## Data supplied
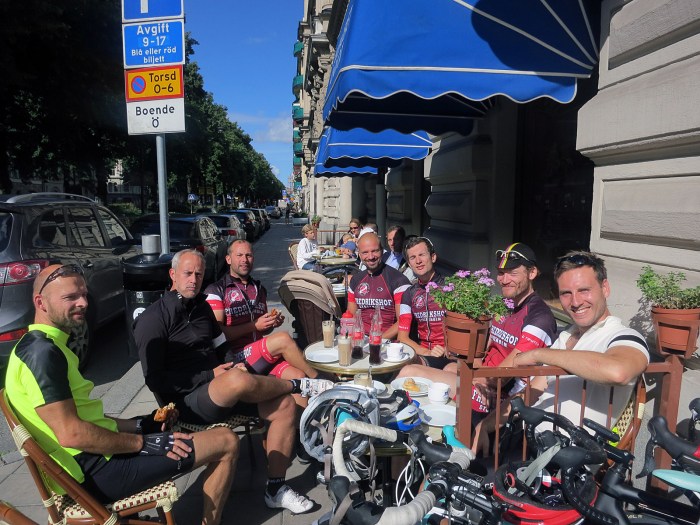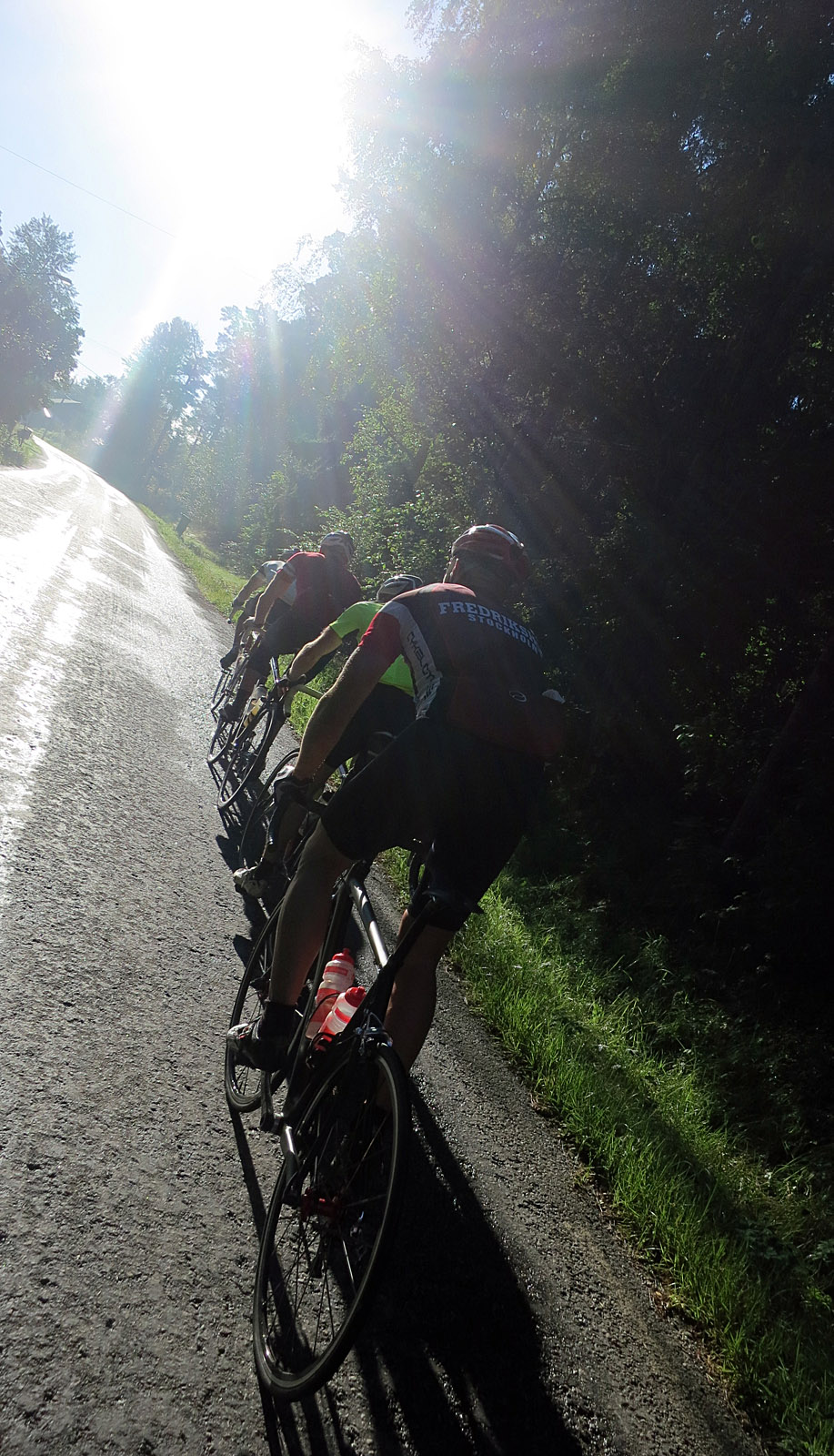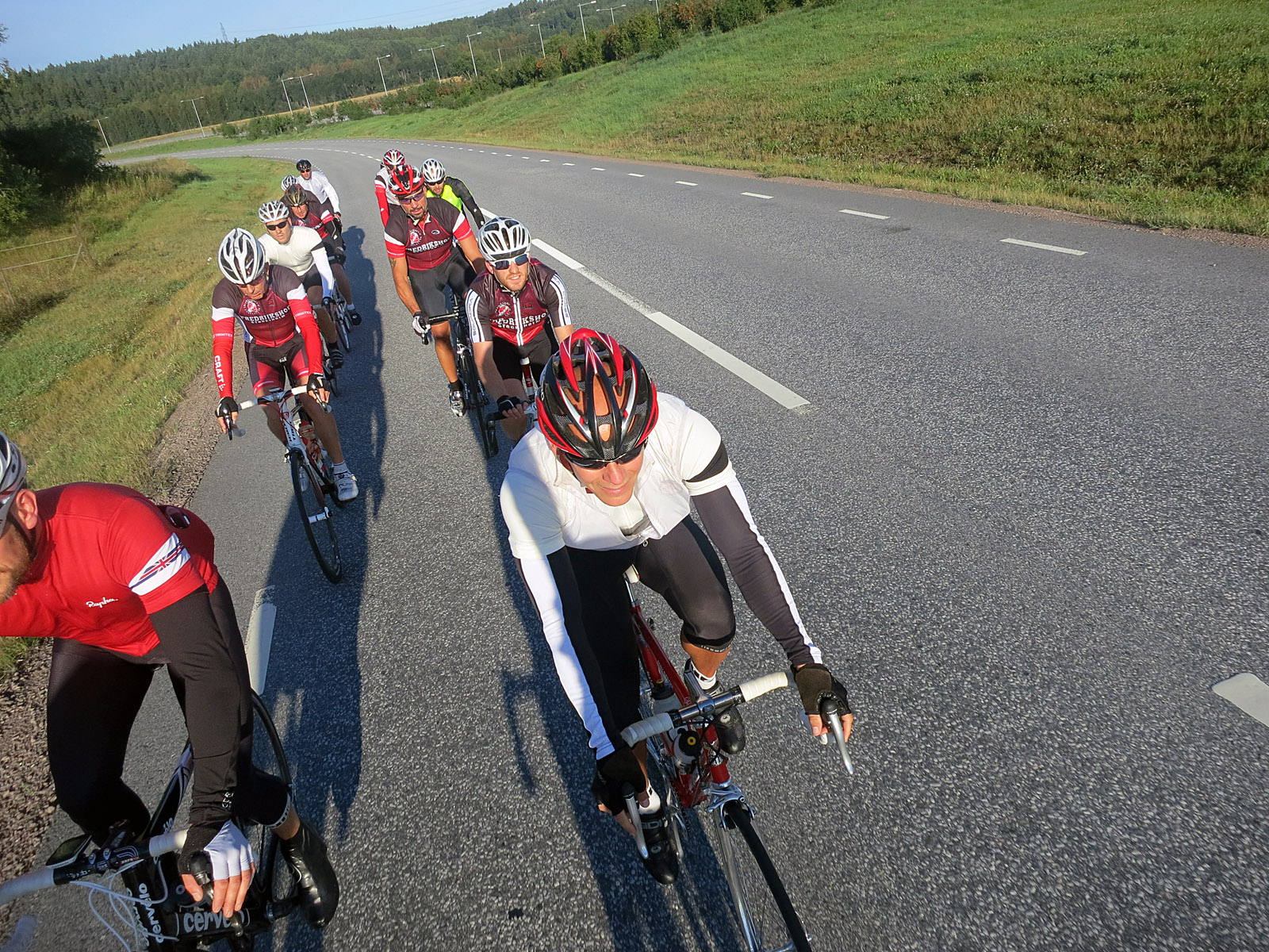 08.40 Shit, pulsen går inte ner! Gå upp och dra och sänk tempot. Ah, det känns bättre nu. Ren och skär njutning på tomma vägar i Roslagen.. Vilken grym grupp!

* * *

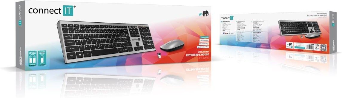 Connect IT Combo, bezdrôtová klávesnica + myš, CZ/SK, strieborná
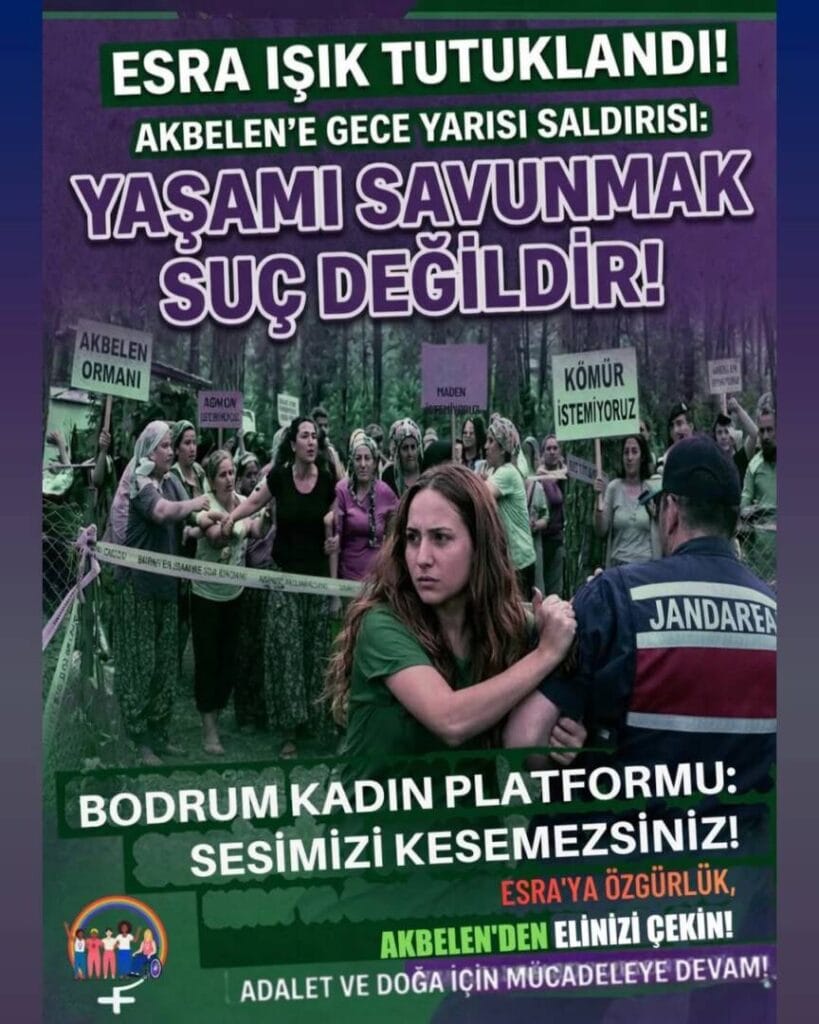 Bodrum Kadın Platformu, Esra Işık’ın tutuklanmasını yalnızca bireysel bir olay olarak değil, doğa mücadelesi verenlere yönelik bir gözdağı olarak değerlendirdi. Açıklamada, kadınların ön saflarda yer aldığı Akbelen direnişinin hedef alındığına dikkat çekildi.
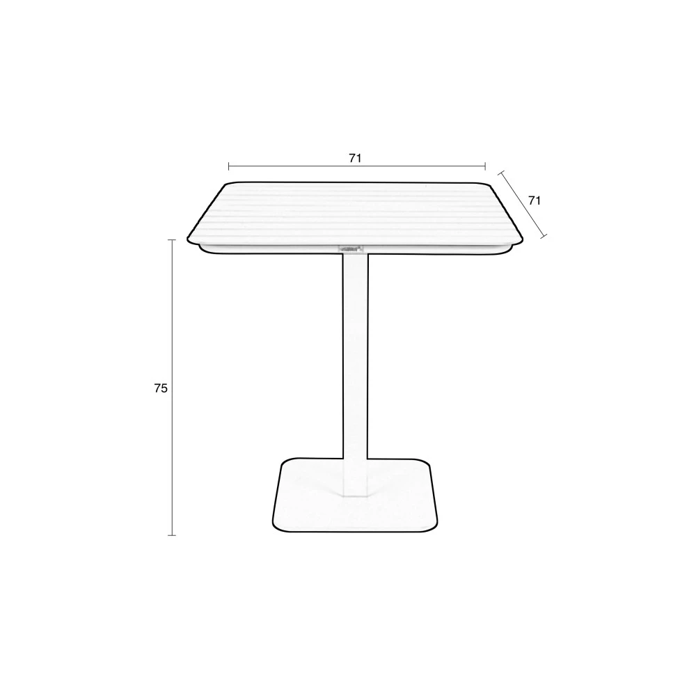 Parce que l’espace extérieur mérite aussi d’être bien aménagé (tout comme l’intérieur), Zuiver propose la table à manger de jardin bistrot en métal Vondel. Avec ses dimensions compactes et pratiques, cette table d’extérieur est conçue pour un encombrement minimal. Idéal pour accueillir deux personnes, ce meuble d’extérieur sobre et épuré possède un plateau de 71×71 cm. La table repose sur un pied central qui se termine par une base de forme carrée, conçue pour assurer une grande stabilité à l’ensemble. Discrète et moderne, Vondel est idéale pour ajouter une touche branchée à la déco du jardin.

## Problem details
Leaving out all pictures, set down exactly the lines of the material above, from the line with "Bodrum Kadın Platformu, Esra" to the line with "Parce que l’espace" inclusive, and no others.

## Result of the task
 Bodrum Kadın Platformu, Esra Işık’ın tutuklanmasını yalnızca bireysel bir olay olarak değil, doğa mücadelesi verenlere yönelik bir gözdağı olarak değerlendirdi. Açıklamada, kadınların ön saflarda yer aldığı Akbelen direnişinin hedef alındığına dikkat çekildi.
 Parce que l’espace extérieur mérite aussi d’être bien aménagé (tout comme l’intérieur), Zuiver propose la table à manger de jardin bistrot en métal Vondel. Avec ses dimensions compactes et pratiques, cette table d’extérieur est conçue pour un encombrement minimal. Idéal pour accueillir deux personnes, ce meuble d’extérieur sobre et épuré possède un plateau de 71×71 cm. La table repose sur un pied central qui se termine par une base de forme carrée, conçue pour assurer une grande stabilité à l’ensemble. Discrète et moderne, Vondel est idéale pour ajouter une touche branchée à la déco du jardin.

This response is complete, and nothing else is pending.